## Task to complete
Using the material below, print a verbatim copy of every line from the one containing "Runde Gemälde Rosa Pfingstrose r42336" through the one containing "Hoge Maasdijk 61-137", inclusive, and omit the pictures.

## Material provided
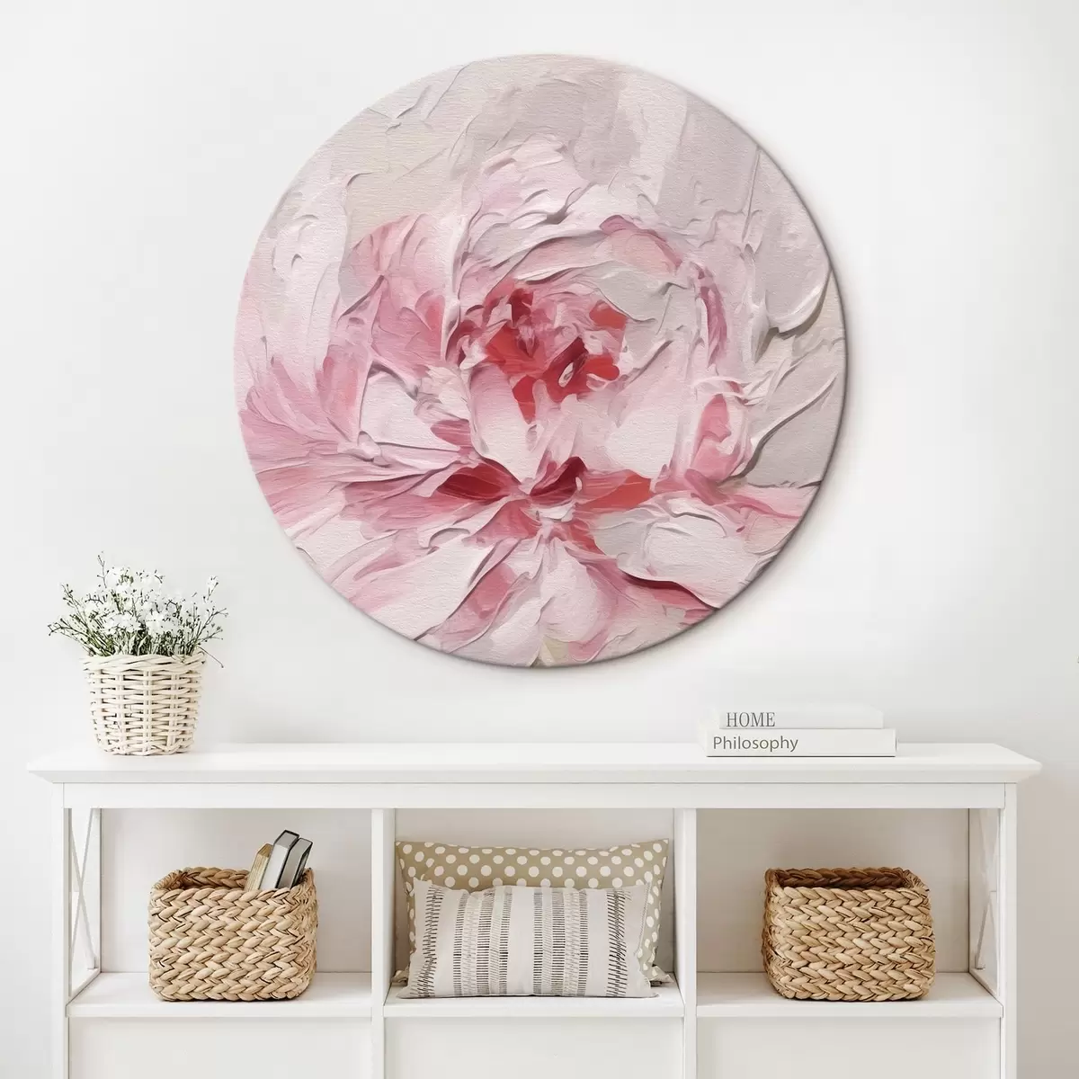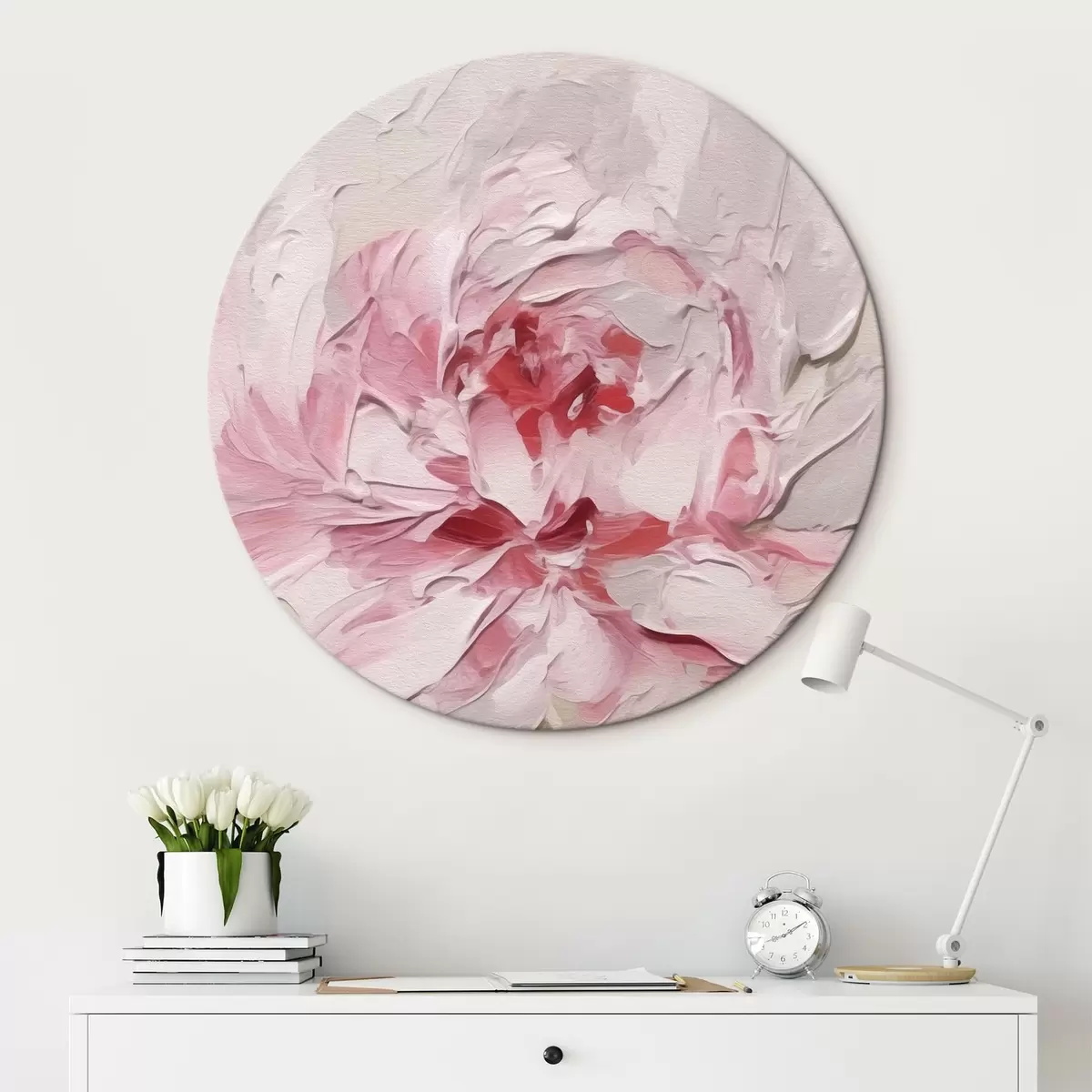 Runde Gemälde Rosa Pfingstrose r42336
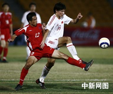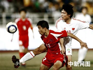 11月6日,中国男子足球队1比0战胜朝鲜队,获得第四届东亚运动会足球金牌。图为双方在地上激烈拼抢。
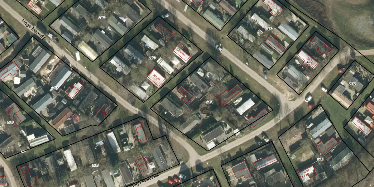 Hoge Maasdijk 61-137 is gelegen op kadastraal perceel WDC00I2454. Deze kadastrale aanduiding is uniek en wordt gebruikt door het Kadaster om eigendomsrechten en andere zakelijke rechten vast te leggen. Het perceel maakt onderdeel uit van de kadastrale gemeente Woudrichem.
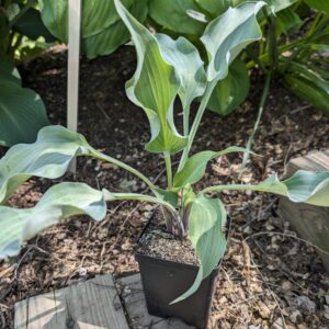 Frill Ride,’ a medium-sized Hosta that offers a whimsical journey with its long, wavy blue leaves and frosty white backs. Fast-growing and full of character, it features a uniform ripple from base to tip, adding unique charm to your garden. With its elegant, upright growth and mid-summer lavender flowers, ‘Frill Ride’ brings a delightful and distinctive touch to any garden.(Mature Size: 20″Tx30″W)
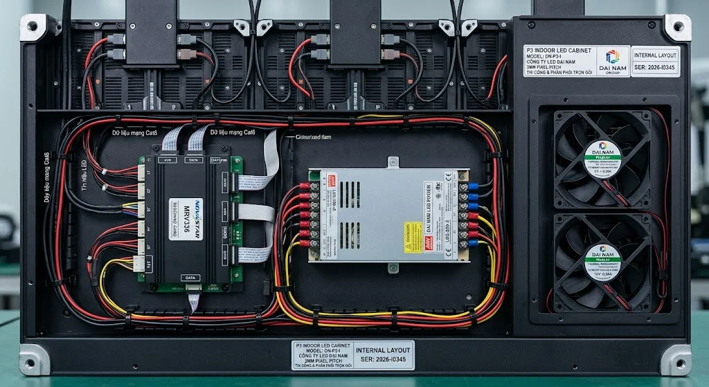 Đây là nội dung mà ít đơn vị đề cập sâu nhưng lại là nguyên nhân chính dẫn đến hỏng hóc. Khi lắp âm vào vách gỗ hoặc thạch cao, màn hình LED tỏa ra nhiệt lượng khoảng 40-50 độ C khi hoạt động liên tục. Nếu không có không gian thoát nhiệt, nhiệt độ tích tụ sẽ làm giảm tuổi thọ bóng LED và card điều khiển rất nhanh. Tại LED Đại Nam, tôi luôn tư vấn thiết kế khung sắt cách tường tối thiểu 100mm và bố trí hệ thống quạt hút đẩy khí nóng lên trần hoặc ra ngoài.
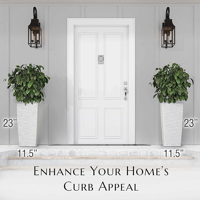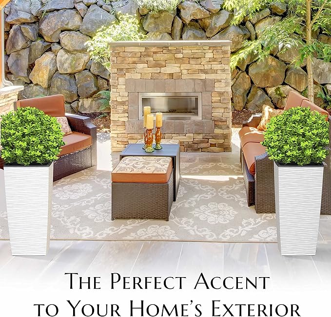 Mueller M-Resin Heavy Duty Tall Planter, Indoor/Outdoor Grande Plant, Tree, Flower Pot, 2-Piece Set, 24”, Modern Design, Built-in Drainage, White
...
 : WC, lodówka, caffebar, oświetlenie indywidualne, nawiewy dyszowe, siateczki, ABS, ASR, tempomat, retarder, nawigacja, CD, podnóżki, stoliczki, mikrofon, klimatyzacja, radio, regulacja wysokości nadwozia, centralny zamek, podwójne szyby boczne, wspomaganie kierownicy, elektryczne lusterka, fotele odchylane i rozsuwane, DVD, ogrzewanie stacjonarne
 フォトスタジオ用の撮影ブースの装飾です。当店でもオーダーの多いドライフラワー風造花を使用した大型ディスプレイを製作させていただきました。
--
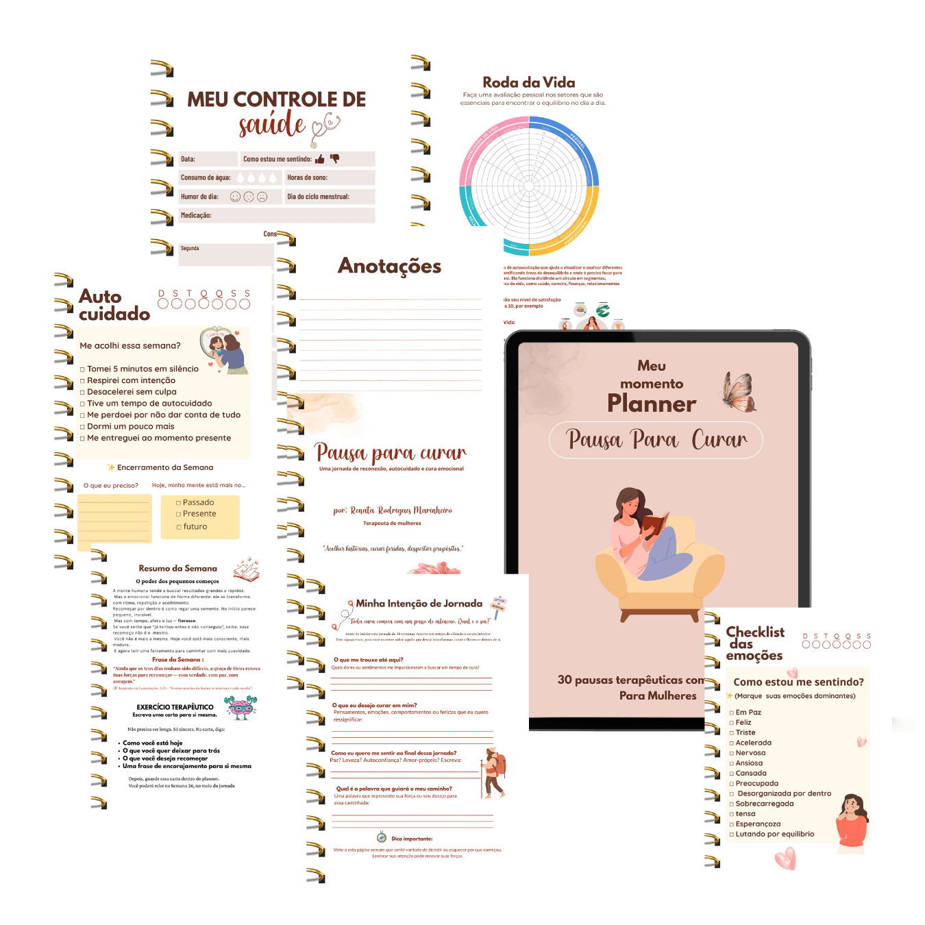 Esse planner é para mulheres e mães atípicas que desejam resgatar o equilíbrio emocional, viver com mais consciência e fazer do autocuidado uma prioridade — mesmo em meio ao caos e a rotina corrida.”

## Exercise solution
 Runde Gemälde Rosa Pfingstrose r42336
 11月6日,中国男子足球队1比0战胜朝鲜队,获得第四届东亚运动会足球金牌。图为双方在地上激烈拼抢。
 Hoge Maasdijk 61-137 is gelegen op kadastraal perceel WDC00I2454. Deze kadastrale aanduiding is uniek en wordt gebruikt door het Kadaster om eigendomsrechten en andere zakelijke rechten vast te leggen. Het perceel maakt onderdeel uit van de kadastrale gemeente Woudrichem.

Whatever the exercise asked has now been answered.